**Requirement**
Copy the records below exactly, starting at the line that contains "Large Storage Case" and ending at the line that contains "Simple y moderno"; leave out any pictures.

++++ Dataset records

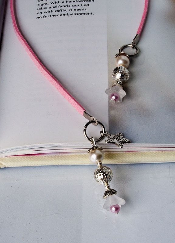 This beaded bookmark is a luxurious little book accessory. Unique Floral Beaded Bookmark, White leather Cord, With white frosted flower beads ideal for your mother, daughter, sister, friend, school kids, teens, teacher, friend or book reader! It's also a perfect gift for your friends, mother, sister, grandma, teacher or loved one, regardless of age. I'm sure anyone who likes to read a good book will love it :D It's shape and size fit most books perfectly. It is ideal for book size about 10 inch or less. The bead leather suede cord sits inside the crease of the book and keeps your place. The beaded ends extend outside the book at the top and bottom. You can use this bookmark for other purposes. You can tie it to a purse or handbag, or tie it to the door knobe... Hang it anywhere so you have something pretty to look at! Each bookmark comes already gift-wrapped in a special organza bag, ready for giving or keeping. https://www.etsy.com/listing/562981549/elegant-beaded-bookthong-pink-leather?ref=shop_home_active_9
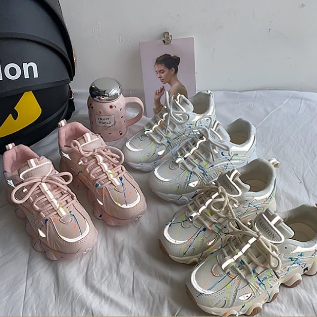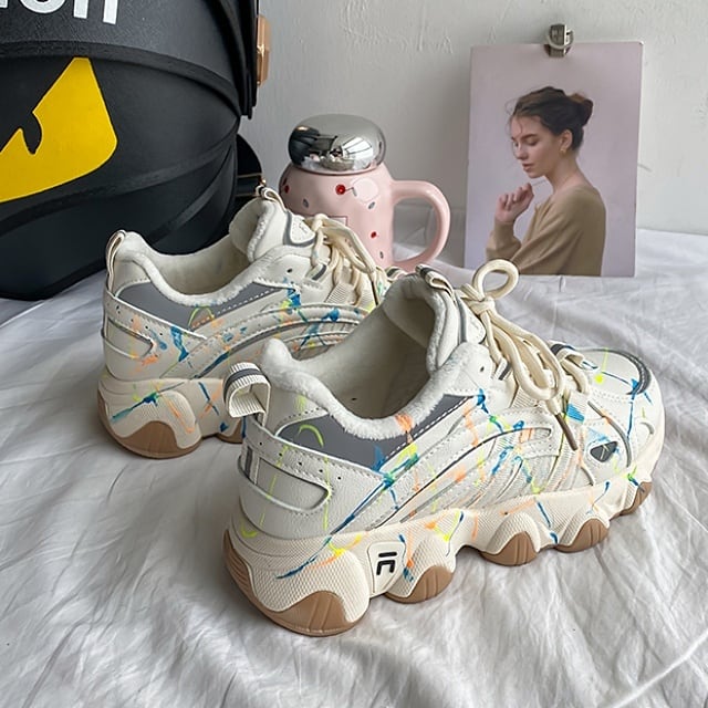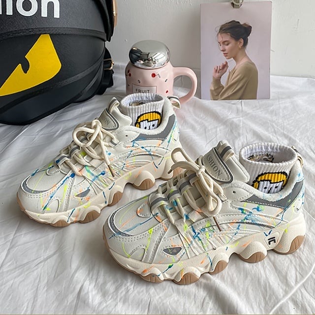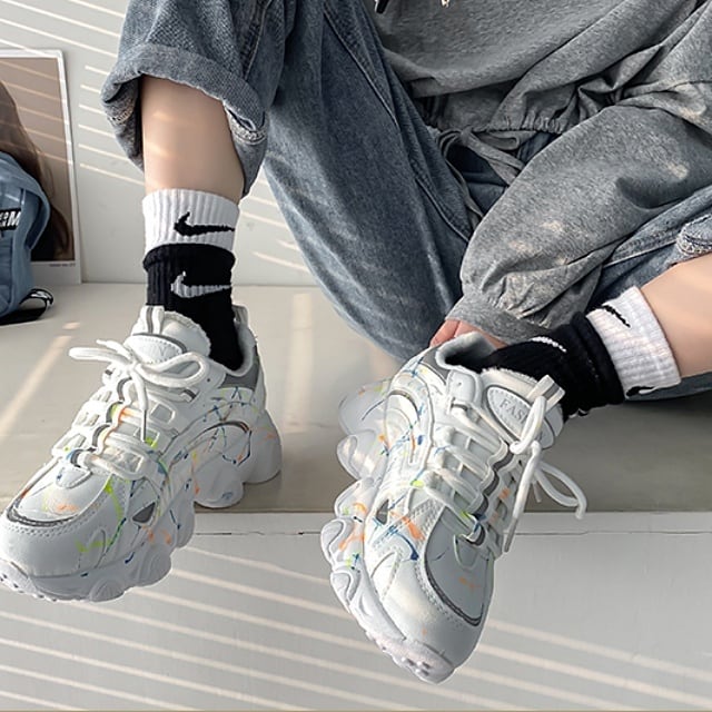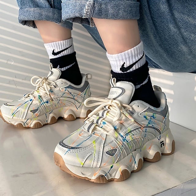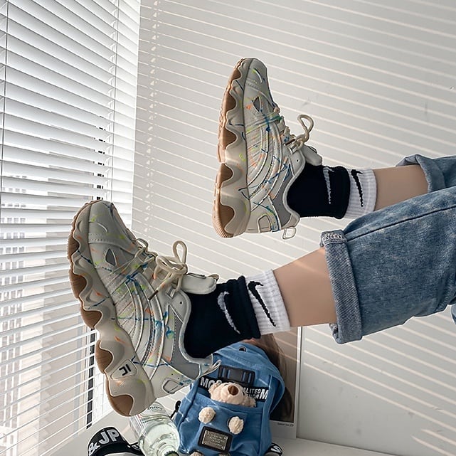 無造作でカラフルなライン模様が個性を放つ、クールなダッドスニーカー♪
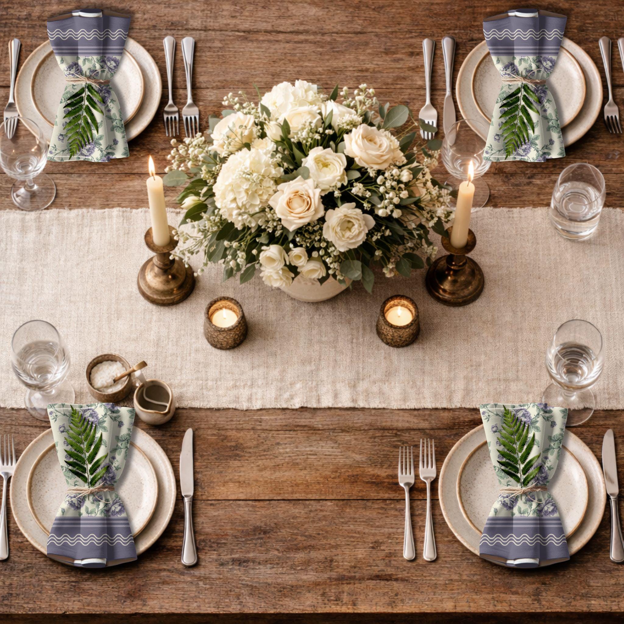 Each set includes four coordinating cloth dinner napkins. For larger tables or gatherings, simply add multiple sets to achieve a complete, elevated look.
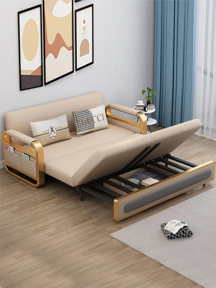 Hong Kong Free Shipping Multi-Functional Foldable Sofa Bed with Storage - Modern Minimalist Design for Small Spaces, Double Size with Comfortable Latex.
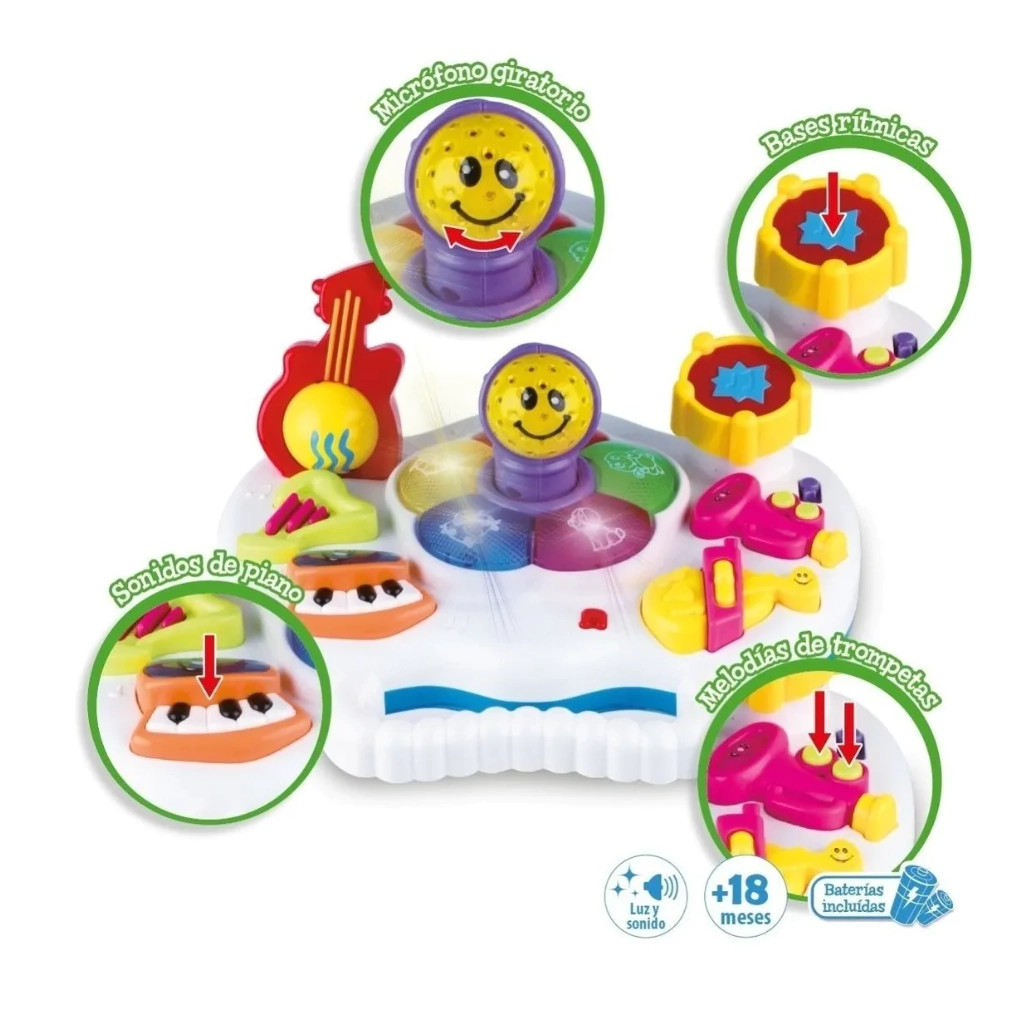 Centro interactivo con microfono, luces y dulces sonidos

++++++++
++++ Dataset records

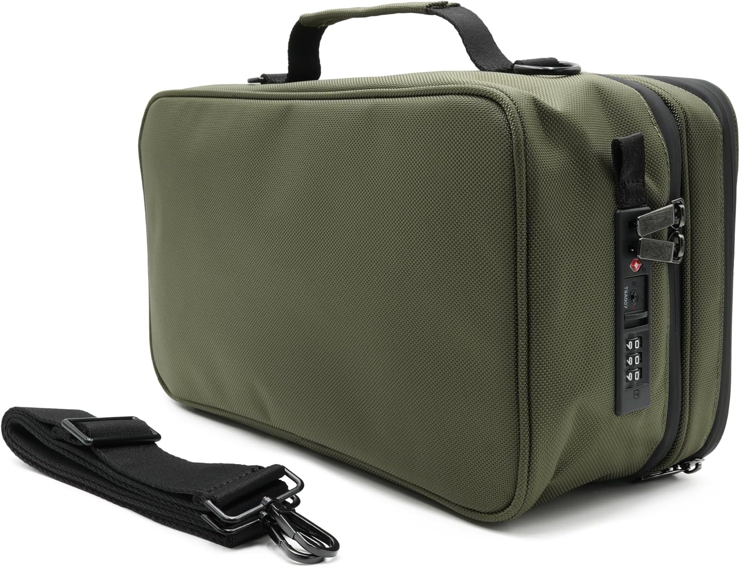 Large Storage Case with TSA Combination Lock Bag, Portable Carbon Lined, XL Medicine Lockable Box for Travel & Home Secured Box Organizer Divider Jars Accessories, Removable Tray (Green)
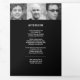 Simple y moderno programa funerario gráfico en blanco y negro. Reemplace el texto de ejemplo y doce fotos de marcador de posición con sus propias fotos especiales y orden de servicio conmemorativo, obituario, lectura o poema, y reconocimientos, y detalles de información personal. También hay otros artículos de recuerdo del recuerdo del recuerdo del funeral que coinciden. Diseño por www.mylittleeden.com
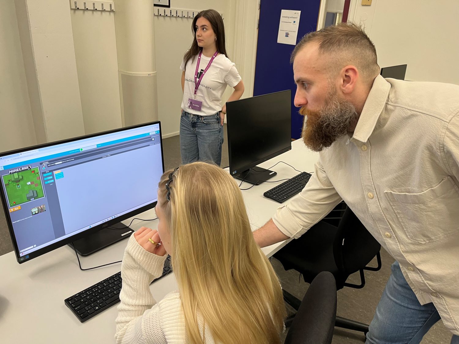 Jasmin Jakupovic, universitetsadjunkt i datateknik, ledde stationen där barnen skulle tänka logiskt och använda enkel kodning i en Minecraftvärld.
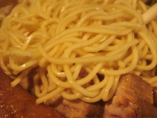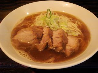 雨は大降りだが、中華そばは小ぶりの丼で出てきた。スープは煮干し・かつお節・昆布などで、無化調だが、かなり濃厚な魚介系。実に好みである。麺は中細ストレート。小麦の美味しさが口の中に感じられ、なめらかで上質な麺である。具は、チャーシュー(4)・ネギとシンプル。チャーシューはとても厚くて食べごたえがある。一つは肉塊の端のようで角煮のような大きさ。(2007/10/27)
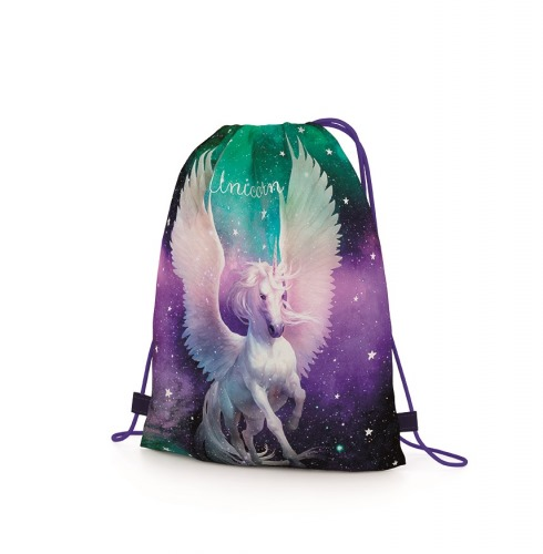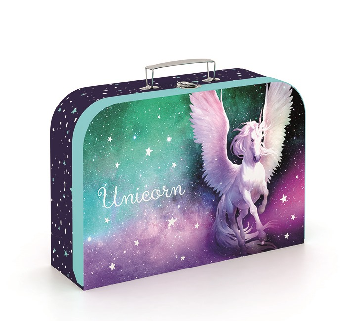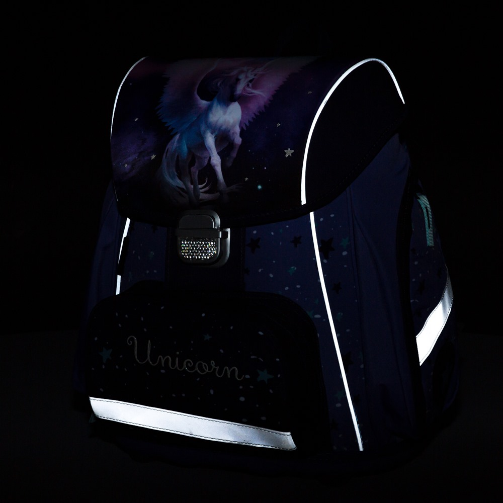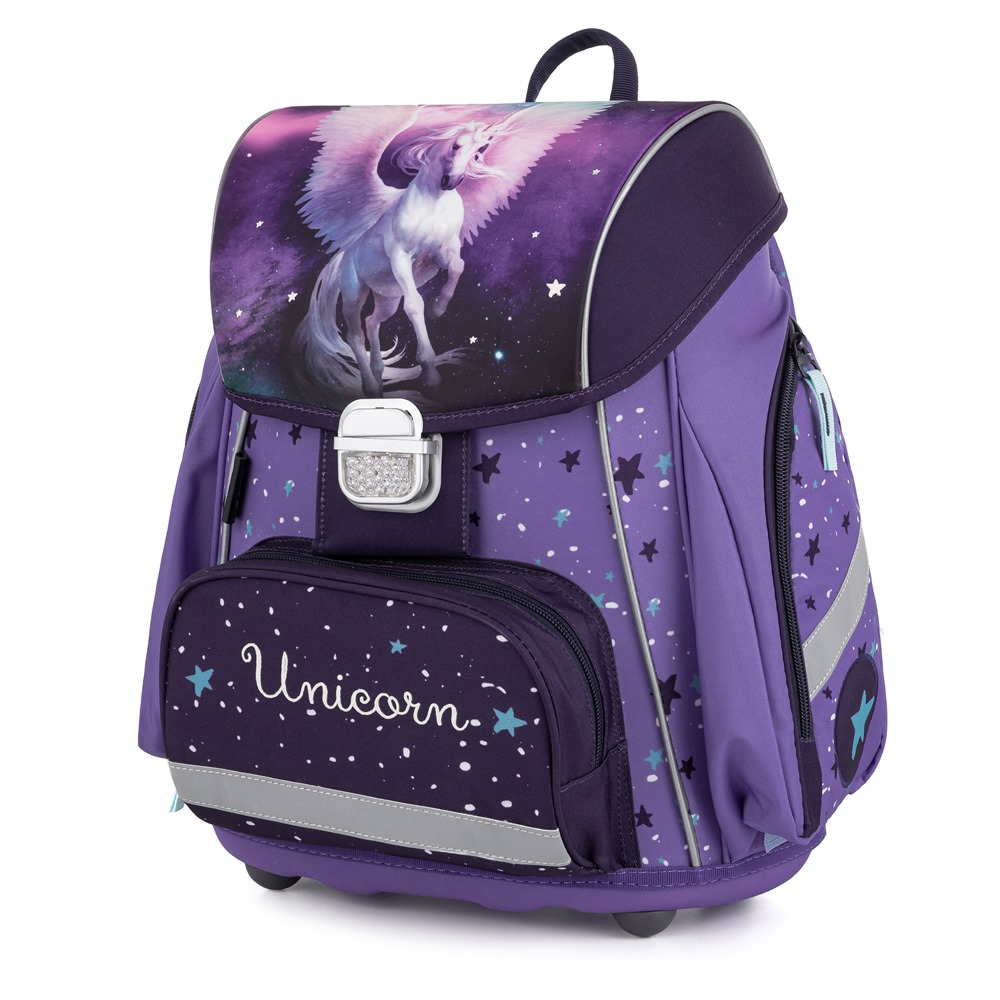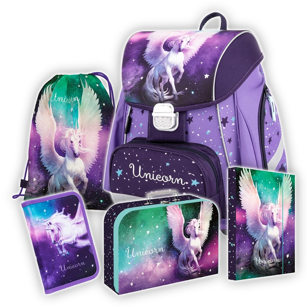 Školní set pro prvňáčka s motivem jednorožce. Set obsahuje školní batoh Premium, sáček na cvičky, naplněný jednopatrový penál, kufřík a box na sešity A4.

++++++++
++++ Dataset records

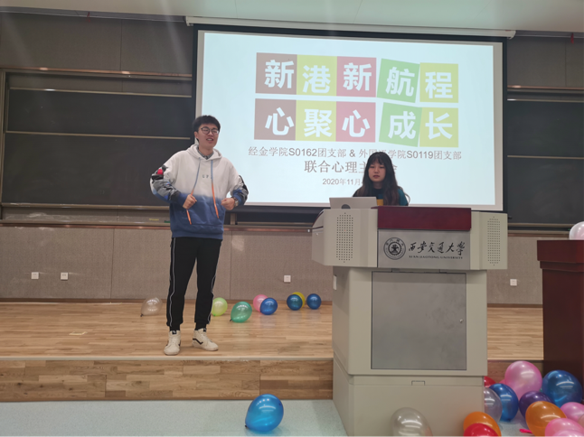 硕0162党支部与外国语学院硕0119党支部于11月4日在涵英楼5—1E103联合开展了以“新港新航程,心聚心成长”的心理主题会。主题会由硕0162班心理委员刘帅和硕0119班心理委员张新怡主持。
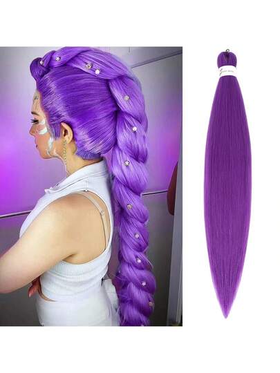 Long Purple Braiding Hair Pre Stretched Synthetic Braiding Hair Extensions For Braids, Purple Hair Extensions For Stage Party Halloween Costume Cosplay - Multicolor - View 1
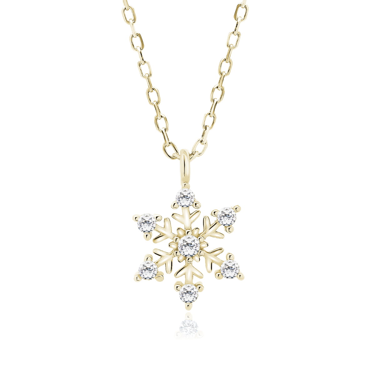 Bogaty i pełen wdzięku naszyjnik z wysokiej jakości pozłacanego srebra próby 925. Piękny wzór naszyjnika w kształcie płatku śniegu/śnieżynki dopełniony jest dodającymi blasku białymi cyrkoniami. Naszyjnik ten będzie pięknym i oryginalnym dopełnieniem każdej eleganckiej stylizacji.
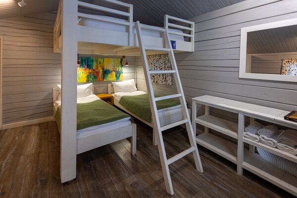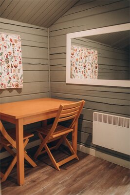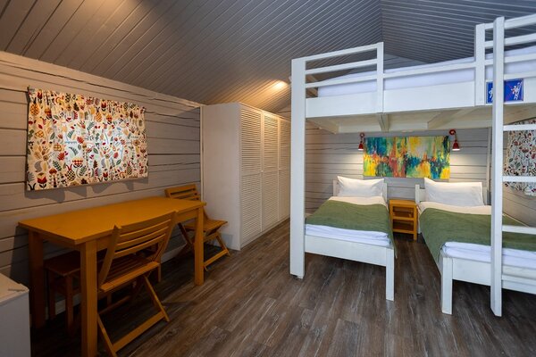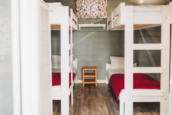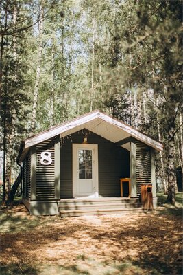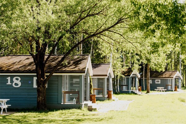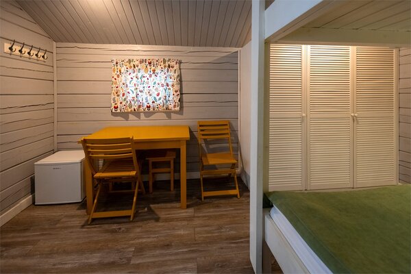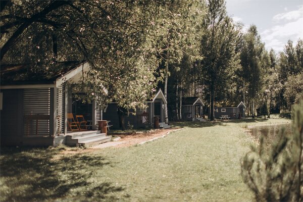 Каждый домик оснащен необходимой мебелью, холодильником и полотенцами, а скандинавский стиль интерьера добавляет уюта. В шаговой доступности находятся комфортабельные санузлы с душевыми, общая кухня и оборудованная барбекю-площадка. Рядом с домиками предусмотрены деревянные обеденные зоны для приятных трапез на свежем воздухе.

++++++++

**Solved exercise**
 Large Storage Case with TSA Combination Lock Bag, Portable Carbon Lined, XL Medicine Lockable Box for Travel & Home Secured Box Organizer Divider Jars Accessories, Removable Tray (Green)
 Simple y moderno programa funerario gráfico en blanco y negro. Reemplace el texto de ejemplo y doce fotos de marcador de posición con sus propias fotos especiales y orden de servicio conmemorativo, obituario, lectura o poema, y reconocimientos, y detalles de información personal. También hay otros artículos de recuerdo del recuerdo del recuerdo del funeral que coinciden. Diseño por www.mylittleeden.com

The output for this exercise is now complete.